* **Exercise**
Quote exactly and only this range of lines in the data below: the line that holds "Îți dorești să" to the line that holds "First, the focaccia", both included.

* **Input data**

[Start of Attachment]

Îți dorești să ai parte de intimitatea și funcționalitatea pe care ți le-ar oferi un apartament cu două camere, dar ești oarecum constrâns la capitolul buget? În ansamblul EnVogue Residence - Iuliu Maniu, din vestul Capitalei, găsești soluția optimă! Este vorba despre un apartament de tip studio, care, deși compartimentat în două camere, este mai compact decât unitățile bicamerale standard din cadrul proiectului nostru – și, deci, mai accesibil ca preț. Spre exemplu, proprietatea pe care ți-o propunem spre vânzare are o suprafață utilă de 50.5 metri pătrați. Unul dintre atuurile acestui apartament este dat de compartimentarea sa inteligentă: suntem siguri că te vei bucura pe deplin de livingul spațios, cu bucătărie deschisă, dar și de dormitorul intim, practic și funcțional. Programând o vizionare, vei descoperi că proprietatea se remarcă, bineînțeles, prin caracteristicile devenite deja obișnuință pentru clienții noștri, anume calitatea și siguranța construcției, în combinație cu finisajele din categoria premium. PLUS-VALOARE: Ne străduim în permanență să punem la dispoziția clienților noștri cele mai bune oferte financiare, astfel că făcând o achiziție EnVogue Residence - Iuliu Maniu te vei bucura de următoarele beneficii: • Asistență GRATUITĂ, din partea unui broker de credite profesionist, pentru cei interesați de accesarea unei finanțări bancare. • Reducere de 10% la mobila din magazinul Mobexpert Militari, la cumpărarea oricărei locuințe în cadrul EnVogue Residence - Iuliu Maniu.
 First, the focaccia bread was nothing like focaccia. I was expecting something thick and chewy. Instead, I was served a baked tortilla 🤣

[End of Attachment]
[Start of Attachment]

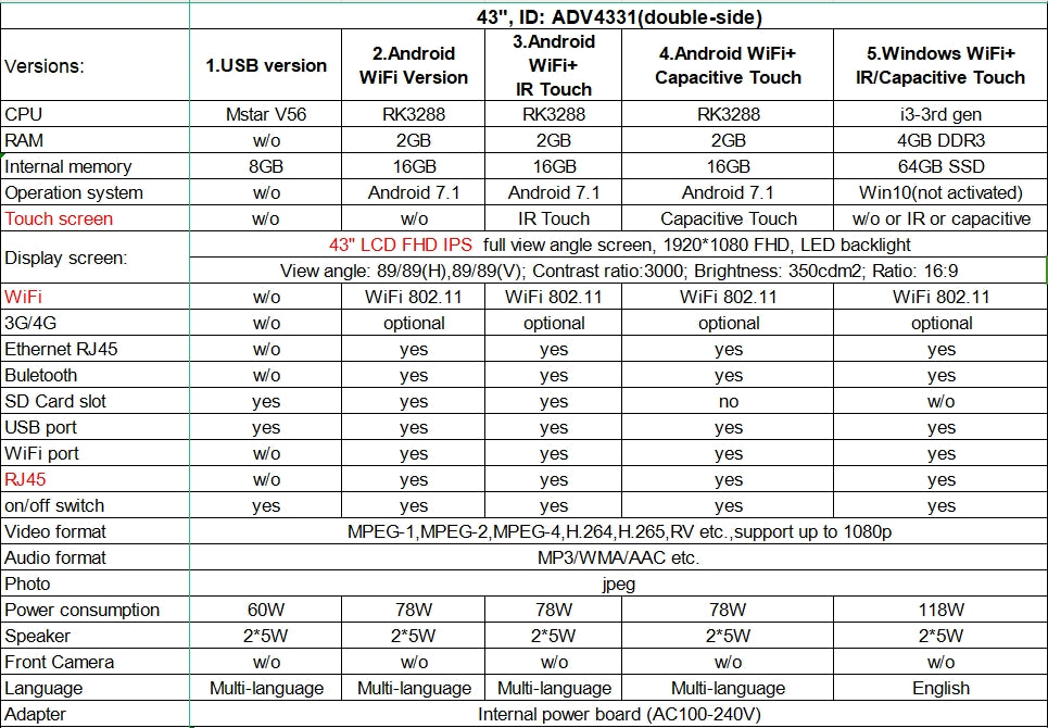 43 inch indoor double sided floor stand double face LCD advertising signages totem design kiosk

[End of Attachment]

* **Reply**
Îți dorești să ai parte de intimitatea și funcționalitatea pe care ți le-ar oferi un apartament cu două camere, dar ești oarecum constrâns la capitolul buget? În ansamblul EnVogue Residence - Iuliu Maniu, din vestul Capitalei, găsești soluția optimă! Este vorba despre un apartament de tip studio, care, deși compartimentat în două camere, este mai compact decât unitățile bicamerale standard din cadrul proiectului nostru – și, deci, mai accesibil ca preț. Spre exemplu, proprietatea pe care ți-o propunem spre vânzare are o suprafață utilă de 50.5 metri pătrați. Unul dintre atuurile acestui apartament este dat de compartimentarea sa inteligentă: suntem siguri că te vei bucura pe deplin de livingul spațios, cu bucătărie deschisă, dar și de dormitorul intim, practic și funcțional. Programând o vizionare, vei descoperi că proprietatea se remarcă, bineînțeles, prin caracteristicile devenite deja obișnuință pentru clienții noștri, anume calitatea și siguranța construcției, în combinație cu finisajele din categoria premium. PLUS-VALOARE: Ne străduim în permanență să punem la dispoziția clienților noștri cele mai bune oferte financiare, astfel că făcând o achiziție EnVogue Residence - Iuliu Maniu te vei bucura de următoarele beneficii: • Asistență GRATUITĂ, din partea unui broker de credite profesionist, pentru cei interesați de accesarea unei finanțări bancare. • Reducere de 10% la mobila din magazinul Mobexpert Militari, la cumpărarea oricărei locuințe în cadrul EnVogue Residence - Iuliu Maniu.
 First, the focaccia bread was nothing like focaccia. I was expecting something thick and chewy. Instead, I was served a baked tortilla 🤣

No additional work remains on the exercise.